The reply should be the records repeated exactly, without any images.

Dataset records START

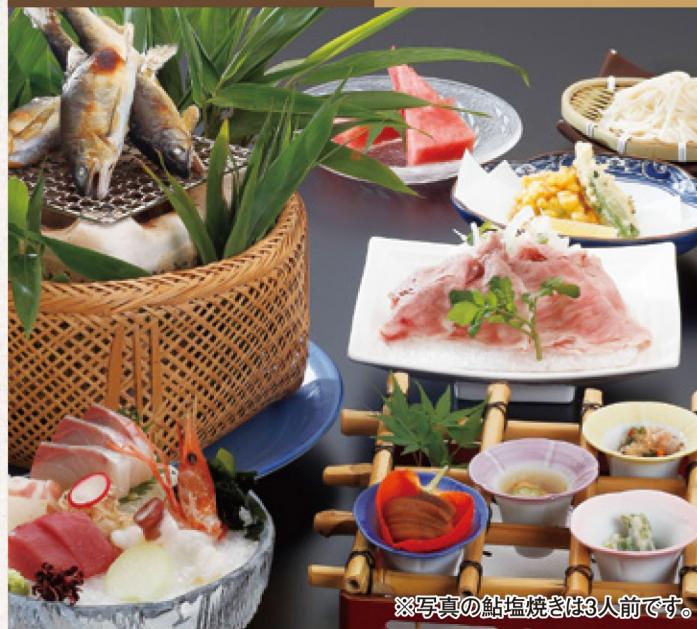
※写真の鮎塩焼きは3人前です。
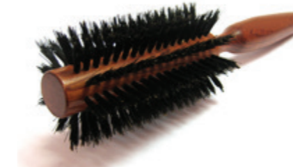
Rundbürste 22cm reine Borste | 10 Reihen
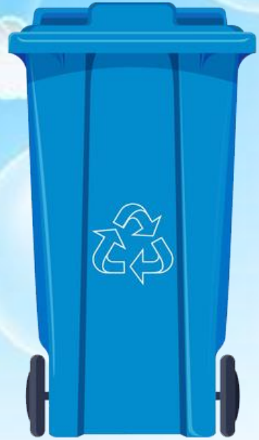
Rác tái chế

➔ Nhóm chất thải có khả năng tái sử dụng:
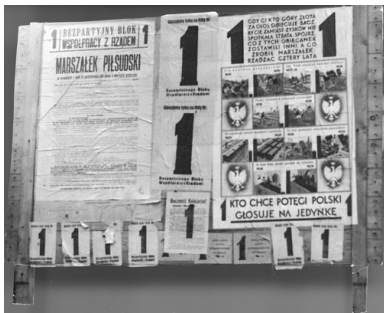
Materiały wyborcze BBWR-u z kampanii do Sejmu 1930 roku

W czasie wyborów parlamentarnych w 1928 r. Bezpartyjny Blok Współpracy z Rządem starał się uzyskać większość parlamentarną względnie łagodnymi środkami oddziaływania na proces wyborczy (wykorzystywano aparat państwowy do agitacji wyborczej, stosowano nielegalne subwencje na kampanie wyborczą). Bezpartyjny Blok wygrał, jednak nie osiągnął większości. O ile centrolewica, szczególnie w obliczu wyborczej klęski endecji, była gotowa do pewnych form współpracy, o tyle celem sanacji było dążenie do rządów samodzielnych. Szczególnej wymowy nabrała tzw. sprawa Czechowicza, czyli wydania osiągniętej nadwyżki budżetowej na kampanię wyborczą BBWR w 1928 r. Odbyło się to na osobiste polecenie Józefa Piłsudskiego. Mimo rozprawy przed Trybunałem Stanu (26-29 czerwiec 1929 r.) sprawy nie udało ostatecznie osądzić i powróciła do sejmu, gdzie była skutecznie odwlekana. Wydatki zostały „zalegalizowane” przez nowy
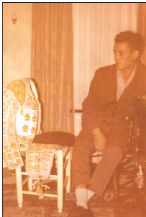
Joselito de Alba, meditando su retirada.
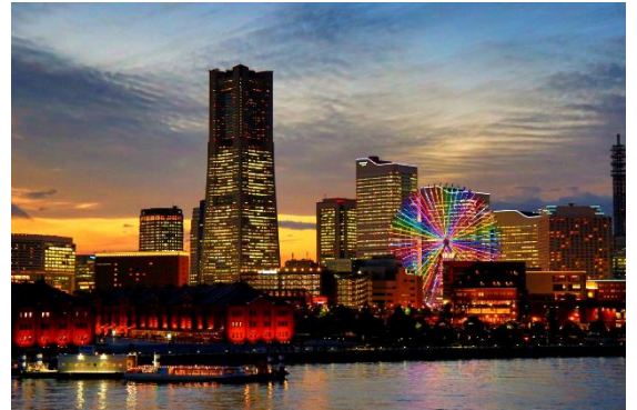
「横浜港大さん橋」からロマンチックな景色

「絶好の写真スポットです。大型客船が停泊していて昼間見る景色も綺麗です。ライトアップされた夜の景色も絵になります。初デートでは必ず訪れるべきでしょう。」という口コミが投稿されていました。
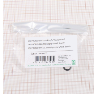
Junta tórica para VALVE, JBL PF CO2
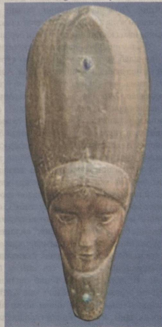
Уzun бош кийимли қиз (1966).

Пойтахтимиздаги "Наврўз" этнография боғида "Кулоллар сайли" миллий кулолчилик махсулотлари аукцион савдоси ташкил этилди. Ўзбекистон Республикаси Президентининг 2021 йил 23 мартдаги "Кулолчиликни жадал ривожлантириш ва қўллаб-қувватлаш чора-тадбирлари" тўғрисидаги 5033-сонли қарори ижроси доирасида Республика "Хунарманд" уюшмаси ҳамда Савдо-саноат палатаси томонидан ташкил этилган ушбу тадбирда юртимиздаги барча кулолчилик мактабларининг вакиллари — уста кулоллар, хунармандлар, тадбиркорлар, мутаассадди идора ва ташкилотлар вакиллари иштирок этишди. Ҳар бир вилоят кулолчилик мактабининг буюмлари нафақат шакл-шамойили, балки ранглари билан ҳам бир-биридан ажралиб туради. Риштонлик кулолларнинг идишларида мовий ранг устулик килса, андижонлик кулоллар саргимтил ранглардан унумидан фойдаланадилар. Уста кулолларнинг маҳорат дарсларида ёшларнинг фаоллиги бизни хурсанд қилди.
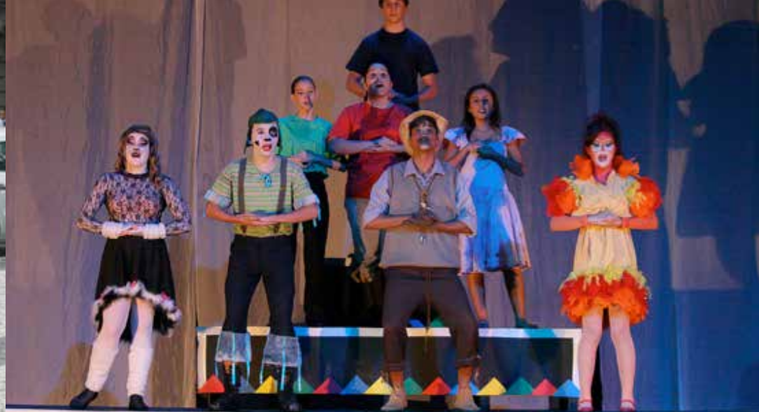
Os Saltimbancos - Arte e estudo Mirim - Melhor Cena no Voto Popular Cat. Mirim
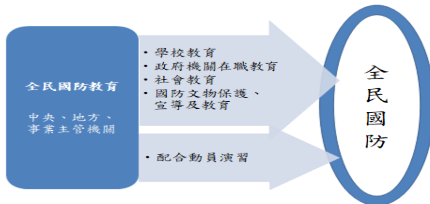
圖 3 我國全民國防教育理論架構

國民中、小學全民國防教育之融入式教學，並向上延續大專校院全民國防教育課程之實施，來達到各級學校共同推動全民國防教育之目的（如圖 4）。 26

Dataset records END

◆ **Solution to this task**
※写真の鮎塩焼きは3人前です。
Rundbürste 22cm reine Borste | 10 Reihen
Rác tái chế

➔ Nhóm chất thải có khả năng tái sử dụng:
Materiały wyborcze BBWR-u z kampanii do Sejmu 1930 roku

W czasie wyborów parlamentarnych w 1928 r. Bezpartyjny Blok Współpracy z Rządem starał się uzyskać większość parlamentarną względnie łagodnymi środkami oddziaływania na proces wyborczy (wykorzystywano aparat państwowy do agitacji wyborczej, stosowano nielegalne subwencje na kampanie wyborczą). Bezpartyjny Blok wygrał, jednak nie osiągnął większości. O ile centrolewica, szczególnie w obliczu wyborczej klęski endecji, była gotowa do pewnych form współpracy, o tyle celem sanacji było dążenie do rządów samodzielnych. Szczególnej wymowy nabrała tzw. sprawa Czechowicza, czyli wydania osiągniętej nadwyżki budżetowej na kampanię wyborczą BBWR w 1928 r. Odbyło się to na osobiste polecenie Józefa Piłsudskiego. Mimo rozprawy przed Trybunałem Stanu (26-29 czerwiec 1929 r.) sprawy nie udało ostatecznie osądzić i powróciła do sejmu, gdzie była skutecznie odwlekana. Wydatki zostały „zalegalizowane” przez nowy
Joselito de Alba, meditando su retirada.
「横浜港大さん橋」からロマンチックな景色

「絶好の写真スポットです。大型客船が停泊していて昼間見る景色も綺麗です。ライトアップされた夜の景色も絵になります。初デートでは必ず訪れるべきでしょう。」という口コミが投稿されていました。
Junta tórica para VALVE, JBL PF CO2
Уzun бош кийимли қиз (1966).

Пойтахтимиздаги "Наврўз" этнография боғида "Кулоллар сайли" миллий кулолчилик махсулотлари аукцион савдоси ташкил этилди. Ўзбекистон Республикаси Президентининг 2021 йил 23 мартдаги "Кулолчиликни жадал ривожлантириш ва қўллаб-қувватлаш чора-тадбирлари" тўғрисидаги 5033-сонли қарори ижроси доирасида Республика "Хунарманд" уюшмаси ҳамда Савдо-саноат палатаси томонидан ташкил этилган ушбу тадбирда юртимиздаги барча кулолчилик мактабларининг вакиллари — уста кулоллар, хунармандлар, тадбиркорлар, мутаассадди идора ва ташкилотлар вакиллари иштирок этишди. Ҳар бир вилоят кулолчилик мактабининг буюмлари нафақат шакл-шамойили, балки ранглари билан ҳам бир-биридан ажралиб туради. Риштонлик кулолларнинг идишларида мовий ранг устулик килса, андижонлик кулоллар саргимтил ранглардан унумидан фойдаланадилар. Уста кулолларнинг маҳорат дарсларида ёшларнинг фаоллиги бизни хурсанд қилди.
Os Saltimbancos - Arte e estudo Mirim - Melhor Cena no Voto Popular Cat. Mirim
圖 3 我國全民國防教育理論架構

國民中、小學全民國防教育之融入式教學，並向上延續大專校院全民國防教育課程之實施，來達到各級學校共同推動全民國防教育之目的（如圖 4）。 26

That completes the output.